> About this task:
Could you extract every entry below and reproduce it exactly?

> Provided data:
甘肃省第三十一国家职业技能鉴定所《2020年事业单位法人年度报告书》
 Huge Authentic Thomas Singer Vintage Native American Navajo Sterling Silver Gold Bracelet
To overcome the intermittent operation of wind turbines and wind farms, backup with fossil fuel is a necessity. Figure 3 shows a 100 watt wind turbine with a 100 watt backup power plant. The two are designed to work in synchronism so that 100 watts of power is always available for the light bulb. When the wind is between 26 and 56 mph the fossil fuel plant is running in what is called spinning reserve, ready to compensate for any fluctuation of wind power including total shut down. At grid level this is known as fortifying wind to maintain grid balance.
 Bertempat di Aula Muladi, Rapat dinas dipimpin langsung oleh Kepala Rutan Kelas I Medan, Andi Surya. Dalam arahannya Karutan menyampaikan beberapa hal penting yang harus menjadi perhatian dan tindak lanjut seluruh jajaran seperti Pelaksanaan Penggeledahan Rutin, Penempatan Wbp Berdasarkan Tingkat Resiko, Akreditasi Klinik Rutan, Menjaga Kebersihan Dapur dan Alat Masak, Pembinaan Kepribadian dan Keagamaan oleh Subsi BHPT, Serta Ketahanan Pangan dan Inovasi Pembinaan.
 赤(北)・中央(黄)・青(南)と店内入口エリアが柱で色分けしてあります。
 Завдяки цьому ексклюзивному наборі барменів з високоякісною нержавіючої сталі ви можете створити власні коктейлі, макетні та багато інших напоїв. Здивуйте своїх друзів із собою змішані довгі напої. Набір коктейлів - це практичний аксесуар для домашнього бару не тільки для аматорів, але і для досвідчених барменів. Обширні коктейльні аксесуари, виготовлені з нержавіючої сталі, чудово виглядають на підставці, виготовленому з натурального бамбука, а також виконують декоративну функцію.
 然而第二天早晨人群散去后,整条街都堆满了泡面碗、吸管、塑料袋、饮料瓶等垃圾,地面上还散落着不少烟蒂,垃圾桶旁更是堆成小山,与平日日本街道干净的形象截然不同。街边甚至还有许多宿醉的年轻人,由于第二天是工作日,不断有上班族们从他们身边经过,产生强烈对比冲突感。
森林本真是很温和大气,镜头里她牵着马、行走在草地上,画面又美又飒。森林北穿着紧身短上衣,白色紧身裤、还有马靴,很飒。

> Output for this exercise:
甘肃省第三十一国家职业技能鉴定所《2020年事业单位法人年度报告书》
 Huge Authentic Thomas Singer Vintage Native American Navajo Sterling Silver Gold Bracelet
To overcome the intermittent operation of wind turbines and wind farms, backup with fossil fuel is a necessity. Figure 3 shows a 100 watt wind turbine with a 100 watt backup power plant. The two are designed to work in synchronism so that 100 watts of power is always available for the light bulb. When the wind is between 26 and 56 mph the fossil fuel plant is running in what is called spinning reserve, ready to compensate for any fluctuation of wind power including total shut down. At grid level this is known as fortifying wind to maintain grid balance.
 Bertempat di Aula Muladi, Rapat dinas dipimpin langsung oleh Kepala Rutan Kelas I Medan, Andi Surya. Dalam arahannya Karutan menyampaikan beberapa hal penting yang harus menjadi perhatian dan tindak lanjut seluruh jajaran seperti Pelaksanaan Penggeledahan Rutin, Penempatan Wbp Berdasarkan Tingkat Resiko, Akreditasi Klinik Rutan, Menjaga Kebersihan Dapur dan Alat Masak, Pembinaan Kepribadian dan Keagamaan oleh Subsi BHPT, Serta Ketahanan Pangan dan Inovasi Pembinaan.
 赤(北)・中央(黄)・青(南)と店内入口エリアが柱で色分けしてあります。
 Завдяки цьому ексклюзивному наборі барменів з високоякісною нержавіючої сталі ви можете створити власні коктейлі, макетні та багато інших напоїв. Здивуйте своїх друзів із собою змішані довгі напої. Набір коктейлів - це практичний аксесуар для домашнього бару не тільки для аматорів, але і для досвідчених барменів. Обширні коктейльні аксесуари, виготовлені з нержавіючої сталі, чудово виглядають на підставці, виготовленому з натурального бамбука, а також виконують декоративну функцію.
 然而第二天早晨人群散去后,整条街都堆满了泡面碗、吸管、塑料袋、饮料瓶等垃圾,地面上还散落着不少烟蒂,垃圾桶旁更是堆成小山,与平日日本街道干净的形象截然不同。街边甚至还有许多宿醉的年轻人,由于第二天是工作日,不断有上班族们从他们身边经过,产生强烈对比冲突感。
森林本真是很温和大气,镜头里她牵着马、行走在草地上,画面又美又飒。森林北穿着紧身短上衣,白色紧身裤、还有马靴,很飒。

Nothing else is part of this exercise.